Hughes hands out samples and helps with pretzel preparation, but she said her favorite task is bagging - putting pretzels into small paper bags for customers.

Her attitude is top-notch, said McClure. "She comes in here ready to work."

Bret Stewart, owner of 10 Auntie Anne's locations including the two at Alderwood mall, has made it a priority to support people with disabilities. Twenty-two of his employees are disabled.

The sampler position was created with this goal in mind, he said. It is sometimes hard to find teenagers willing to pass out pieces of pretzel, but many people with disabilities enjoy the public interaction.

"I want to make sure the jobs we have are real jobs," he said. "People get raises and feedback they can take with them.

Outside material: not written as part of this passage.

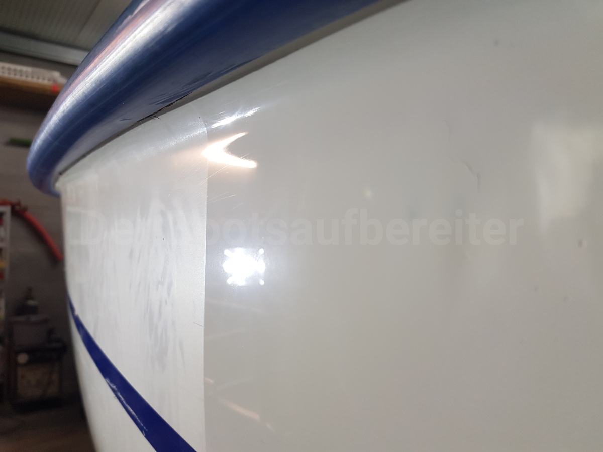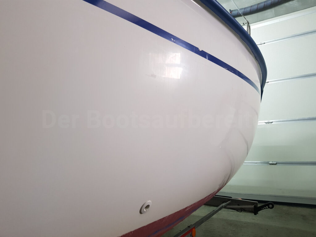 Diese Viko 20 war ordentlich gezeichnet von den Einflüssen der Natur. Der Eigner hat gut reagiert und rechtzeitig die Aufbereitung veranlasst, bevor scharfe Polituren eingesetzt werden müssen.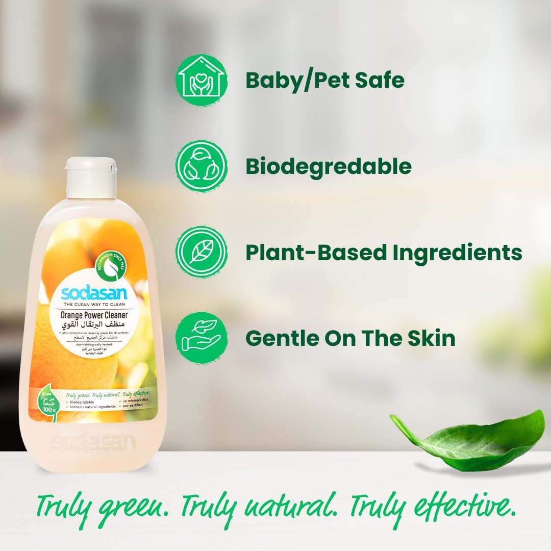 Product Description All-purpose cleaner with grease-dissolving action. For the thorough cleaning of all smooth, Wipe able surfaces in the home. Leaves a natural fresh scent of oranges. The cleaning action is based on the natural grease-dissolving power of the orange oil. The production of the orange cleaner is co2-neutral. Available in 500 ml pack. Ingredients Alkylpolyglucoside, d-glucopyranose, aqua, sodium laurylsulfate, perfume, alcohol, citrate, limonene, linalool, caramel,All-purpose cleaner with grease-dissolving action,Natural, fresh orange scent,Highly concentrated and effective,For the thorough cleaning of all smooth, wipe able surfaces in the home,The cleaning action is based on the natural grease-dissolving power of the orange oil

This isn't the last job they'll have, and they're learning skills."

While Stewart is willing to be patient when it comes to making accommodations, he said he doesn't let standards slip. At one point, a hygiene issue arose when a customer complained about a sampler eating the samples while distributing them. The issue was cleared up after a little additional training.

"I don't like to have a situation where just because people have a disability, they don't have a standard," he said. "We don't want a person to just be a token disability. We want them to do a good job."

Darlene Etue is another Alderwood Auntie Anne's employee who came to Stewart through PROVAIL. Because she is confined to a wheelchair and has a speech disability, the sampler job is a good fit.

Etue said her co-workers are her favorite thing about working at Auntie Anne's.

"They're nice," she said.

Auntie Anne's staff receives training from PROVAIL on how to work with people with disabilities, Stewart said. He also employs people through Washington Vocational Services.

Cheryl Green, vice president of employment and community service for PROVAIL, said the organization's job coaches can provide information on behavioral problems or other issues that might come up.

Stewart, she said, is an ideal employer for the disabled.

"A lot of times, people with disabilities fool us all, because we have never given them a chance," she said. "Bret always gives them a chance to develop."

PROVAIL partners with more than 60 local companies to aid people with disabilities in their search for employment. Companies that hire people with physical or mental disabilities are often viewed as more caring companies by other employees and their customers, Green said.

And for employees with disabilities, holding down a part-time job has tremendous implications, said Green.

"The people with disabilities get so much more than a paycheck out of this," she said. "They get self-respect and dignity. ... They are the proudest people you will ever meet."